Saturday, 23 March 2013

Ocean and Earth Day

I recommend, if you have children whose brains have been sucked out and replaced by fish, that you escort them annually down to the University of Southampton, National Oceanography Centre, for their Ocean and Earth Day. Here you may let the happy fry go free. Your fishy offspring can stretch their gills, flip their salty fins, and be off to explore the undercurrents of the deepest, darkest oceans.

Consequently, I do not see Shark, Tiger and Squirrel all day long.

Well, that is not strictly true. A packet of chocolate biscuits is on offer about tea time, bait to drag them out of the place. It works, dark chocolate luring them back like wandering fish seduced by a particularly tasty meal, but I suspect only because the place shuts up shop: Shark was thrown out of the tour round the aquarium, so there was nowhere else to go. In the first chocolate-biscuit-end-of-day assessment, I hear only universal grumbling that the fun ends at 4pm, and not at a proper time, like never.

I agree. Time is my only complaint. I think the Ocean and Earth day should go on at least until supper, because I had to listen to the ins and outs of the early-day closure injustice for another six hours.

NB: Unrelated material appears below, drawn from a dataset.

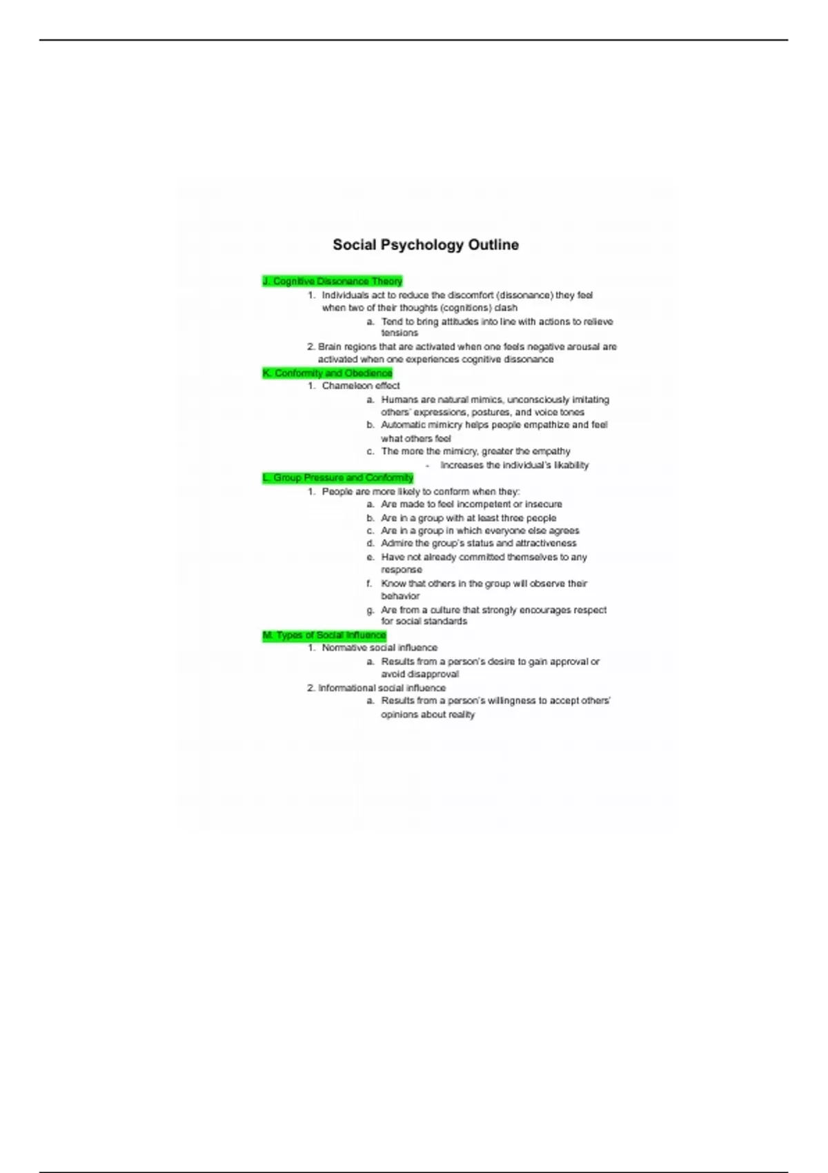 Social Psychology Outline

It is a simple problem of logistics. A fishy-minded visitor cannot attend to everything between 10.30am and 4pm. Is that not a ridiculously short time to seduce us with your fishy wares? If you listen to the lectures about bubbles, rocks, diving and biology, then attempt to struggle round the stalls, pilot a submarine, do the quiz, watch the videos, make the ammonites, scoff lunch, see the ships, read the careers boards, ask questions of the engineers, no wonder there is not time to visit the aquarium.

I chose wisely. The lectures. On the basis that I could rest my arse for a good couple of hours, and adopt the face of one who has a scholarly approach to fish, while secretly hoping my brood return to me in an exhausted state clutching hand-made plaster ammonites and novelty fridge magnets.

Despite the complaints about time, our endless enemy, I can only thank the staff at the University of Southampton once again for allowing we fish-loving public to trample all over their nice clean Oceanography centre, leaving only footprints (plus a trail of trash and fingermarks on the door frame where they had to prise off Shark) and taking with us, only photographs.*


Shark, giving me that eye-rolling manoeuvre. 
I suppose I said something foolish, betraying my ignorance about tentacles.

* I jolly well hope so, anyway. But if I were you, Southampton Geology Staff, I would do an inventory of your rocks.

1 comment:

Irene said...

There's always a lot of grumbling abut, isn't there?